### What you will do
Look through the listing below for the line containing "2025年11月11日,山東". Copy it and each line after it up to and including the line containing "Nearby, Scratch Supply", exactly, leaving out pictures.

### Supplied records
# # # #

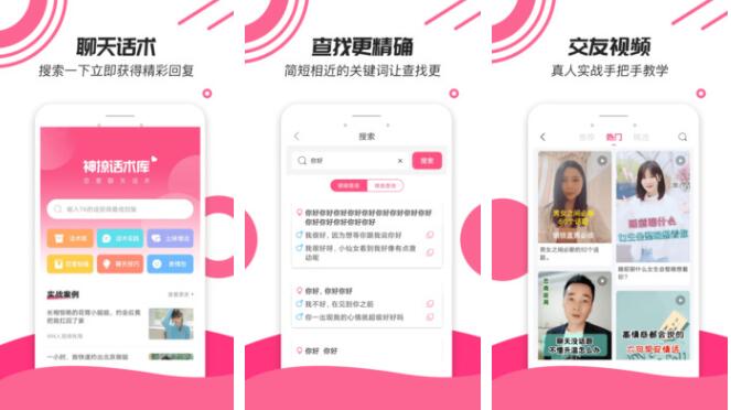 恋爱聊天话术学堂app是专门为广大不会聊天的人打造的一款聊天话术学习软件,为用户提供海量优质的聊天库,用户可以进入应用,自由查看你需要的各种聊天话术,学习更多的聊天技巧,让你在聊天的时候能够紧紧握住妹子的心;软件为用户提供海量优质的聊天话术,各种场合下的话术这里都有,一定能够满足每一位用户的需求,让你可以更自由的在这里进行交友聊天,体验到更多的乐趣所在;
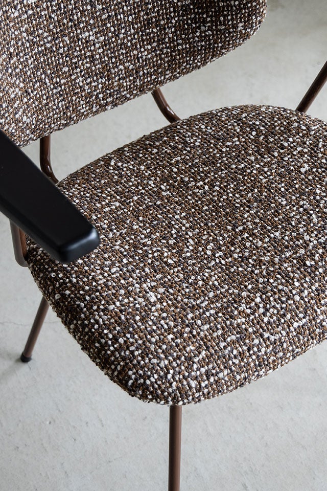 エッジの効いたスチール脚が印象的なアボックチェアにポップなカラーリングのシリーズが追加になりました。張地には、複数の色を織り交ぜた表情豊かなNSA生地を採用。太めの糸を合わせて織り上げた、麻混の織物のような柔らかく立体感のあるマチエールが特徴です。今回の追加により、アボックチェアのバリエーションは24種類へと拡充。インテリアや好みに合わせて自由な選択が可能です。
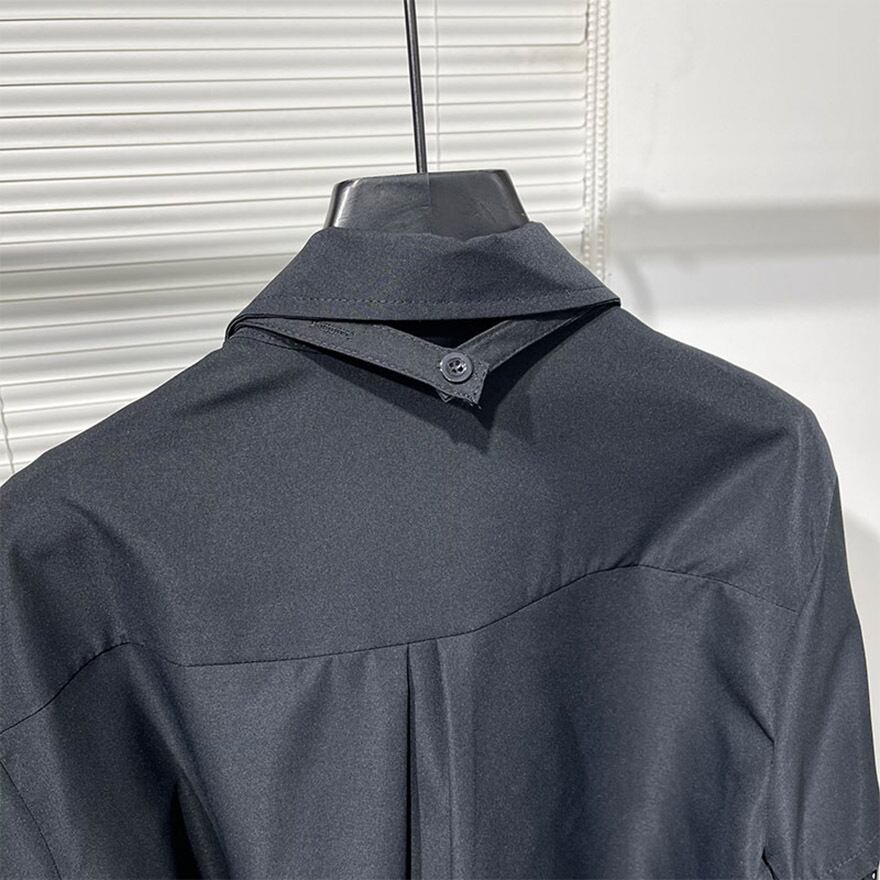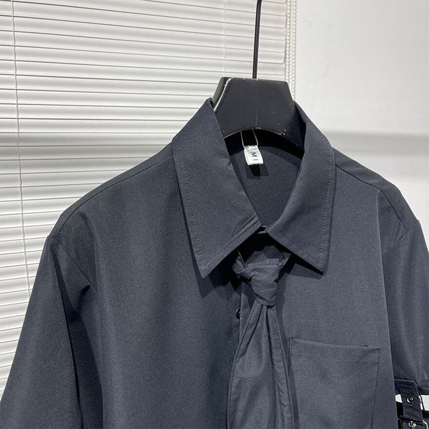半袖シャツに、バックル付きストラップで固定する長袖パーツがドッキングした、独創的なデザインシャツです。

# # # #

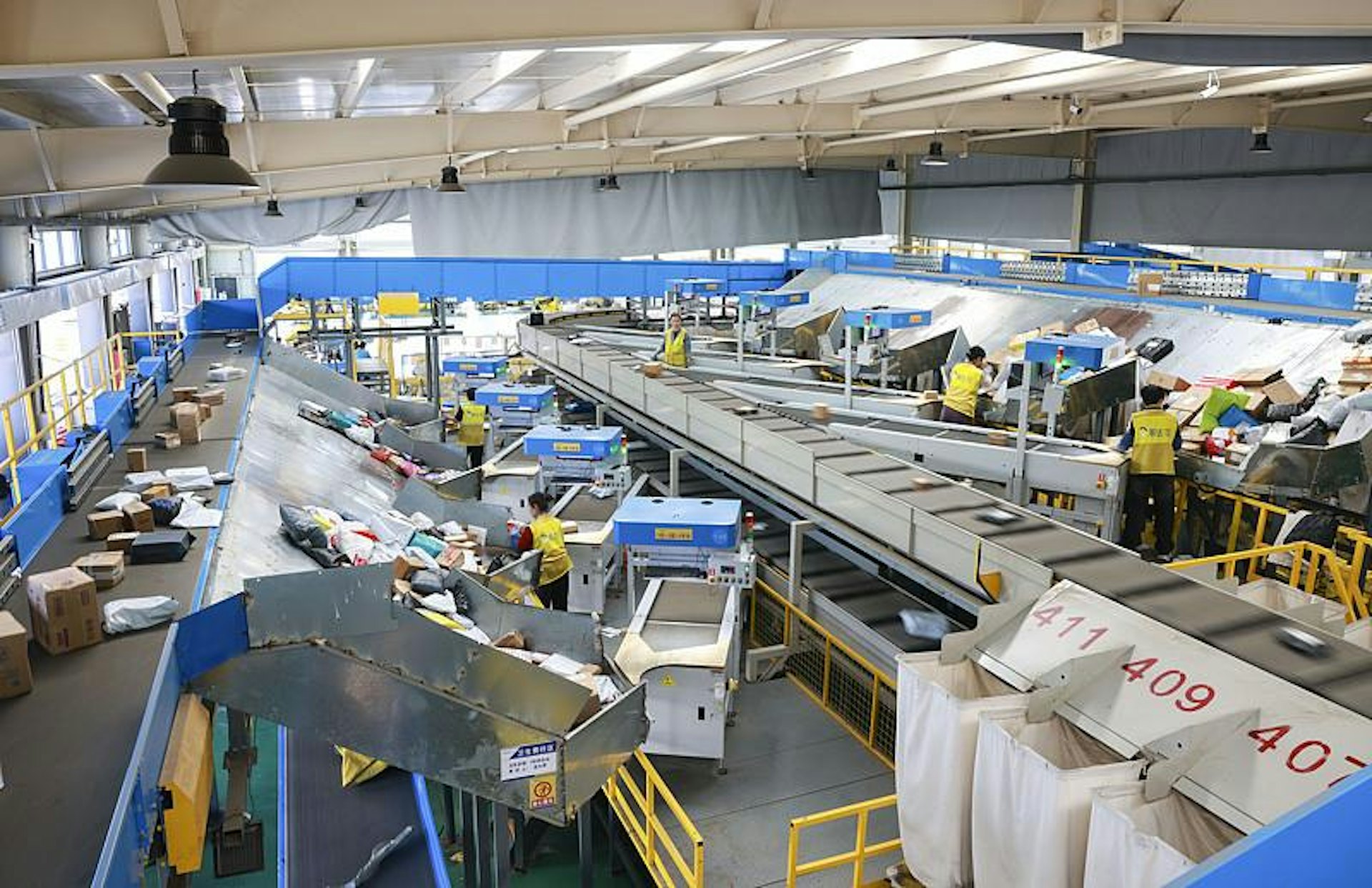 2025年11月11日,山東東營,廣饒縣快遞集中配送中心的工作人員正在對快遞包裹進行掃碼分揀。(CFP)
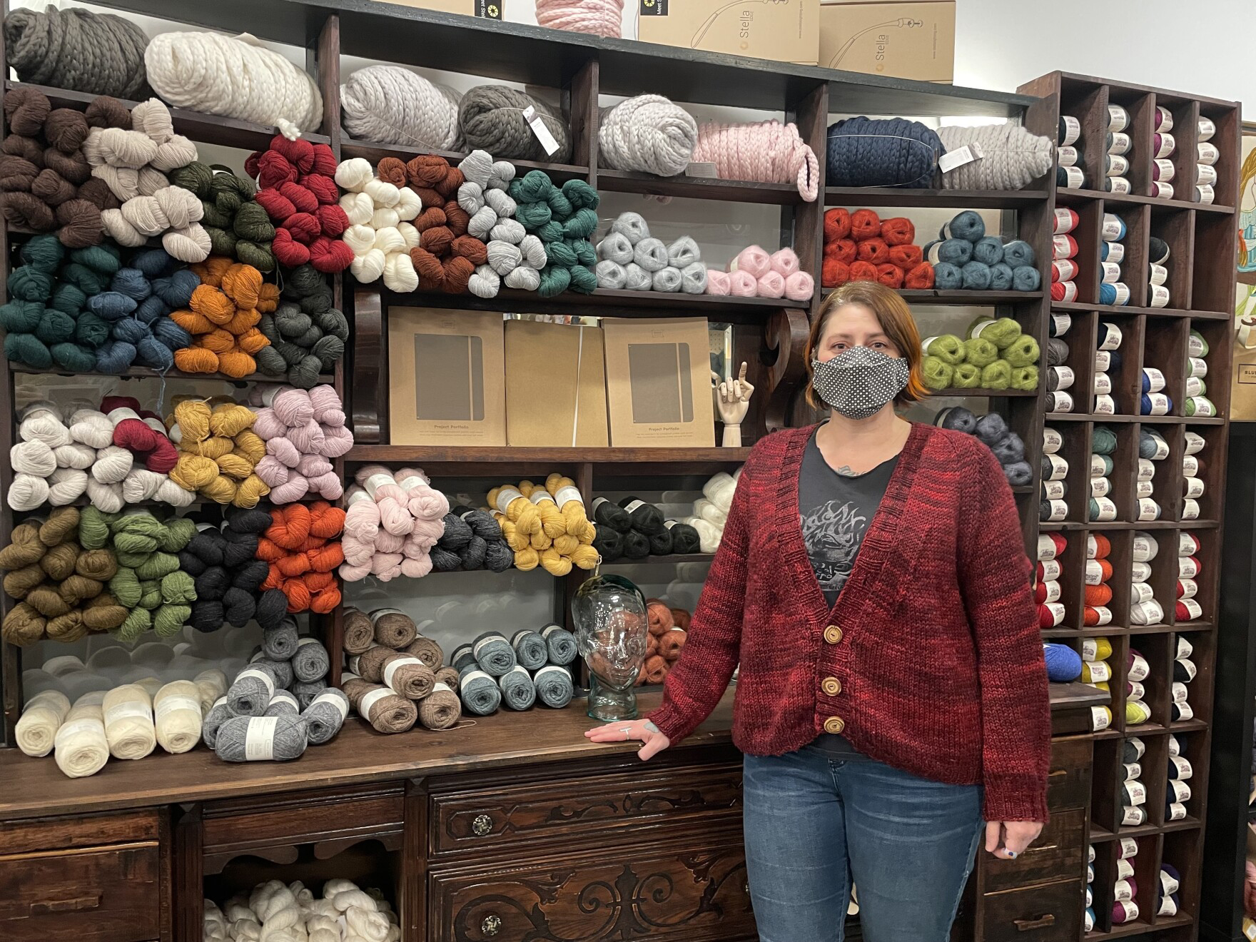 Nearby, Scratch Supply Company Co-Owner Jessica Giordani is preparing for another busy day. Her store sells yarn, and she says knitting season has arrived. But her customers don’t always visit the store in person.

# # # #

### Answer section
 2025年11月11日,山東東營,廣饒縣快遞集中配送中心的工作人員正在對快遞包裹進行掃碼分揀。(CFP)
 Nearby, Scratch Supply Company Co-Owner Jessica Giordani is preparing for another busy day. Her store sells yarn, and she says knitting season has arrived. But her customers don’t always visit the store in person.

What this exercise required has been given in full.